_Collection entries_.
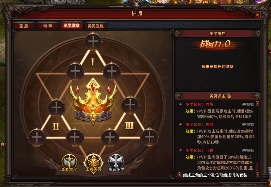 (1)三角色达到1000级后,可开启英灵徽章-王者英灵,镶嵌新的英灵徽章
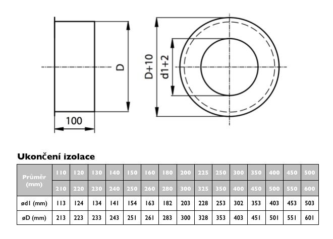 je pohledový prvek který slouží k zakrytí izolace mezi pláštěm a vnitřní vložkou izolovaného komínu (nejčastěji t-kusu nebo prostupujcí roury). Toto ukončení nelze použít jako horní ukončení!
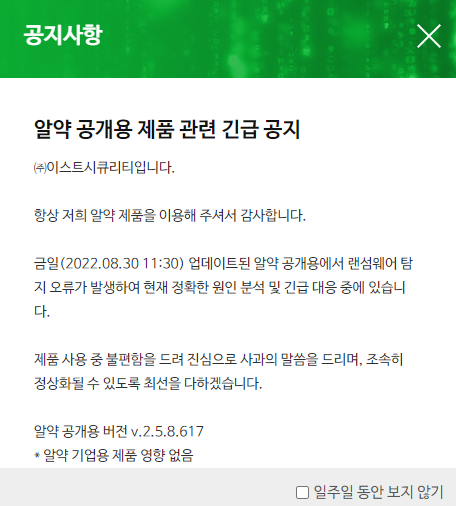 2022년 8월 30일 2-3시 즈음 저희 회사를 멘붕에 빠뜨린 하나의 팝업창 ㅋㅋ
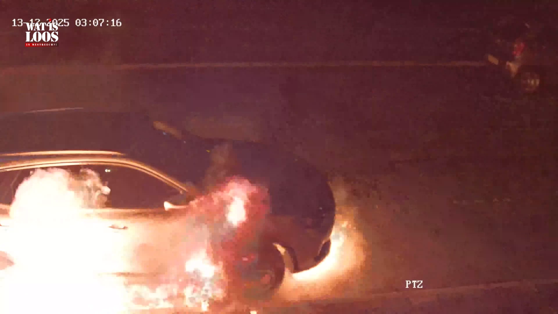 Op beelden is te zien dat twee personen op een fiets stoppen bij een auto van het medium en er daarna iets onder gooien, om vervolgens weg te fietsen. Even later volgt een explosie met een hoop vlammen. Welke schade de brandbom heeft veroorzaakt, is nog niet duidelijk. “Het is een half elektrische auto dus misschien is er iets met het accupakket. De buurman heeft het gelukkig snel kunnen blussen”, zegt De Vries.
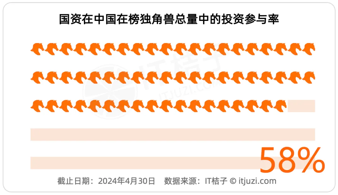 IT 桔子数据显示,被国资背景机构投资过的中国独角兽数目前已经达到了 219 家,在所有的在榜独角兽中体量占到了 58%,超过了半壁江山。

_Work instructions_.
Leave out the images and repeat the rest of the data word for word.

_Solution to this task_.
 (1)三角色达到1000级后,可开启英灵徽章-王者英灵,镶嵌新的英灵徽章
 je pohledový prvek který slouží k zakrytí izolace mezi pláštěm a vnitřní vložkou izolovaného komínu (nejčastěji t-kusu nebo prostupujcí roury). Toto ukončení nelze použít jako horní ukončení!
 2022년 8월 30일 2-3시 즈음 저희 회사를 멘붕에 빠뜨린 하나의 팝업창 ㅋㅋ
 Op beelden is te zien dat twee personen op een fiets stoppen bij een auto van het medium en er daarna iets onder gooien, om vervolgens weg te fietsen. Even later volgt een explosie met een hoop vlammen. Welke schade de brandbom heeft veroorzaakt, is nog niet duidelijk. “Het is een half elektrische auto dus misschien is er iets met het accupakket. De buurman heeft het gelukkig snel kunnen blussen”, zegt De Vries.
 IT 桔子数据显示,被国资背景机构投资过的中国独角兽数目前已经达到了 219 家,在所有的在榜独角兽中体量占到了 58%,超过了半壁江山。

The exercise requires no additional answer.